Anatomic pathologists have multiple roles in the drug development process. As study pathologists, they are accountable for the evaluation and interpretation of postmortem data from specific nonclinical studies. Another role that a toxicologic pathologist may have is to manage the development of a potential drug or device, as a member of the program team. During the development process, many decisions are made regarding the study design for nonclinical toxicity studies that support the regulatory package. As part of the drug development team, the pathologist should be involved in determining the need for recovery animals in the toxicology studies. Although clinical pathology and other safety biomarkers are discussed as end points used to monitor test article–related anatomic pathology findings and in the design recovery studies, the role of the clinical pathologist and assessment of the recovery of specific clinical pathologic toxicities are beyond the scope of this article.
When a test article is early in development, the potential for specific toxicities may be based on data from the compound class, findings from early investigative studies, or mechanisms of action attributed to the molecule. When such data exist, the decision as to whether to include a recovery arm is feasible during the protocol design phase for the first nonclinical toxicity study. If these data are not available, the decision as to whether to include a recovery arm in future studies is made using the initial good laboratory practice toxicology study data. With focus on the expertise of the anatomic pathologist, the scientific factors that impact the decision at the study design stage as to whether a recovery arm is needed and discussed below.

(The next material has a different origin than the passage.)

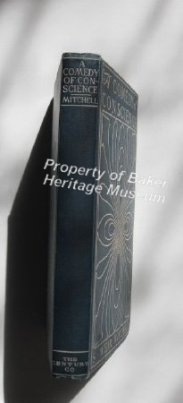 Blue—Green fabric bound book . The front has white embossed lettering and an interwoven cross pattern and reads:" A Comedy Of Conscience, S.Weir Mitchel. The spine reads: "A Comedy Of Conscience, Mitchel, The Century Company". The back cover is plain blue—green. Inside on the cover page in pencil: "Theresa Adler". The title page has a pencil marking on the top right: "1000" There is also an illustration and reads in red ink: "A Comedy of Consiounce, (blk ink) by, S. Weir Mitchel MD. LLD Harvard & Edinburgh" there is also a seal of book with Loral wreaths. New York, The Century Company 1903, copyright 1900, Pub. March 9th 1903 by The Devine Press. The pages of the book have a deckled edge. There is small wording on each page and looks like a child's book.

There are at least three scientific questions that should be considered to determine the need for recovery assessment in the design of a toxicology study:
Is the test article in a repeat dose toxicity study predicted to produce an adverse effect at clinically meaningful exposures? A prediction for an adverse effect may be based on scientific data derived from the literature (e.g., findings with transgenic knockout mice for the same target), in vitro studies, investigative studies including screening or pilot toxicity studies, or previously conducted dose-ranging or definitive studies. A weight of evidence assessment using these data informs the drug development team of the potential of having a toxicity that may need recovery characterization. The anatomic pathologist is ideally positioned to integrate data from across in vitro and in vivo sources into an assessment predicting the probability for an adverse event.
Has the reversibility already been adequately demonstrated in a short-term study? As addressed in the Q & A for ICH M3 (R2), if a particular finding is demonstrated to be reversible in a short duration study (e.g., 2 weeks or 1 month), repeating the reversibility assessment in longer term studies is generally not warranted. If there is evidence that the nature of the toxicity may progress to a more severe state over time or if there are subsequent changes to the test article, vehicle, or formulation that substantially increase exposure, then a recovery assessment should be considered for the longer term study.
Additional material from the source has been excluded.